Tl;DR Can someone look at my stupid code below and tell me how a more experienced Rust developer would make it nicer? Thanks!
Hi, I started learning rust again today (I tried it once one or two years ago) and decided to build a sockets server with it for practice. I've been reading through the tutorial pages and the alternative approach to OOP in rust and trying to wrap my head around it. Anyways, I built some code that works, but I feel like it's a touchy beast balancing on its toes where any small change causes an outbreak of compiler errors that can only be resolved by a series of StackOverflow searches and increasing layers of indirection. So I was wondering if someone who's been working with Rust for a while could give any suggestions on how the code design could be improved.
Thanks!
Project goal:
A program that uses a TcpListener to process messages from each client in separate threads. The number of threads that are alive is kept track of. The specific format of the messages: first 4 bytes contain the message length in little endian and the following bytes contain the message.
My implementation:
Client has a run method which will be executed in a thread
Client struct contains each stream and a way to detect if it is alive
The client has a thread safe reference counted variable (Arc<bool> where bool could be anything). This allows getting a weak reference to it to detect when the thread finishes and the last reference to the struct member is lost
Store these weak references in a vector and retain the ones that still point to something
The ugliest part I see in my implementation:
I feel like the whole Arc<bool> thing is hacky, but I couldn't figure out how to tame the mess that ensued when I tried keeping the client objects in a vector and implementing an is_alive() method because the client instance called in the closure passed to thread::spawn would outlive the scope of the variable.
Code:
use std::net::{TcpListener, TcpStream};
use std::io;
use std::io::Read;
use std::str;
use std::thread;
use std::sync::Arc;
use std::sync::Weak;
use std::error::Error;
type BoxResult<T> = Result<T, Box<Error>>;
/// Interpret 4 bytes in little endian as a u32 number
fn bytes_to_u32(array: [u8; 4]) -> u32 {
u32::from(array[0]) +
(u32::from(array[1]) << 8) +
(u32::from(array[2]) << 16) +
(u32::from(array[3]) << 24)
}
/// TCP socket to a client using our protocol
struct Client {
stream: TcpStream,
on_message: fn(String),
alive_handle: Arc<bool> // Reference for detecting when object leaves scope
}
impl Client {
fn new(stream: TcpStream, on_message: fn(String)) -> Client {
Client {
stream,
on_message,
alive_handle: Arc::new(false),
}
}
fn run(&mut self) {
loop {
let op_size = self.read_message_size();
if op_size.is_err() {
break;
}
let size = op_size.unwrap();
let next_msg = self.get_next_message(size);
match next_msg {
Ok(next_msg) => (self.on_message)(next_msg),
Err(e) => println!("Error getting message: {}", e)
}
}
}
fn read_message_size(&mut self) -> BoxResult<usize> {
let mut bytes = [0; 4];
self.stream.read_exact(&mut bytes)?;
Ok(bytes_to_u32(bytes) as usize)
}
fn get_next_message(&mut self, size: usize) -> BoxResult<String> {
let mut data = vec![0; size];
self.stream.read_exact(&mut data)?;
Ok(str::from_utf8(&data)?.to_owned())
}
}
fn main() -> io::Result<()> {
let mut alive_flags: Vec<Weak<bool>> = vec![];
for op_stream in TcpListener::bind("127.0.0.1:8000")?.incoming() {
let stream = match op_stream {
Ok(stream) => stream,
Err(_) => continue
};
let mut client = Client::new(stream, |x| println!("Message = {}", x));
let flag = Arc::downgrade(&client.alive_handle);
thread::spawn(move || client.run());
alive_flags.push(flag);
alive_flags.retain(|x| x.upgrade().is_some());
println!("Number of threads: {}", alive_flags.len());
}
Ok(())
}
For reference, here's the Python code for simulating clients connecting and disconnecting.
Updates:
While I was hesitant at first, it seems like implementing a new method is pretty common. So I should probably have a Client::new.

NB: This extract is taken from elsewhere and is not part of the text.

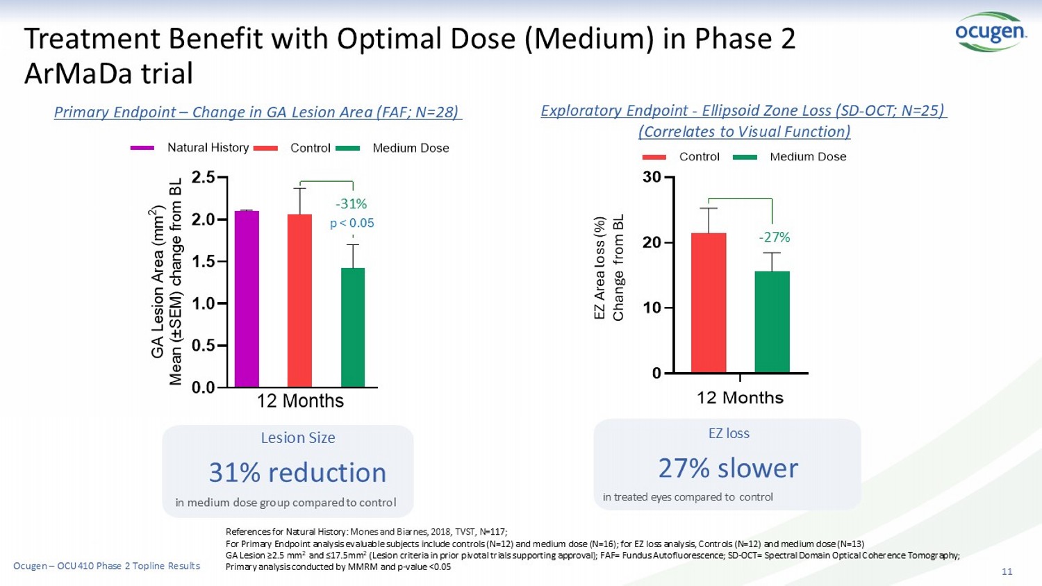 Lesion Size 31%, 16% reduction in medium, high dose group, respectively compared to control 10 OCU410 Provides Treatment Benefit at 12 Months For lesion criteria (≥2.5 mm 2 and ≤17.5mm 2 ) evaluable subjects (N=39)include controls (N=12), medium dose (N=16), and high dose (N=11) and for lesion criteria (≥5 mm 2 and ≤17.5mm 2, N=31 ) Controls (N= 9 ), medium dose (N=13) and high dose (N=9). References for Natural History: Mones and Biarnes, 2018, TVST, N=117 Lesion ≥5 mm 2 and ≤17.5mm 2 (N=31) Lesion Size 33%, 31% reduction in medium, high dose group, respectively compared to control Lesion ≥2.5 mm 2 and ≤17.5mm 2 (N=39) (Lesion criteria in pivotal trials supporting approval) 0.0 0.5 1.0 1.5 2.0 2.5 G A L e s i o n A r e a ( m m 2 ) M e a n ( ± S E M ) c h a n g e f r o m B L Control Medium Dose High Dose 12 Months Natural History - 16% - 31% 12 Months - 31% - 33% Ocugen – OCU410 Phase 2 Topline Results Lesion Size 18% reduction in treated eyes compared to controls Overall Analysis (N=42) ≥2.0 mm 2 and ≤20.5mm 2 Approved products: • Avacincaptad pegol at 12M (15%) • Pegcetacoplan EM at 24M (22%) 0.0 0.5 1.0 1.5 2.0 2.5 12 Months Control OCU410 - Overall Treated (Medium+High Dose) G A L e s i o n A r e a ( m m 2 ) M e a n ( ± S E M ) c h a n g e f r o m B L -18% 12 Months

Exceptions should be properly handled. I've just updated the code with this
Of course usize is platform dependent so I've replaced it with the more applicable u32
Pass small arrays by value instead of reference
Redundant keys when initializing variables of the same name in a struct
self.stream.read(&mut bytes).unwrap();
// ...
let _ = self.stream.read(&mut data);
is incorrect, because read does not necessarily read the right amount of bytes. That's why it returns a Result (which you should not ignore, like you do right now!). Instead use read_exact.
All in all, you should familiarise yourself with the error handling concept in Rust, espcially Result and Option. See chapter 9 of the book.
let mut bytes = [0; 4];
// ...
bytes_to_usize(&mut bytes)
I don't think that you understood what usize is. It's an platform dependent type, which size is how many bytes it takes to reference any location in memory. E.g. 8 bytes on a typical x86_64 platform on desktops. Therefore your 4 byte array is wrong here. You either want to expand that to 8 bytes or use u32 instead.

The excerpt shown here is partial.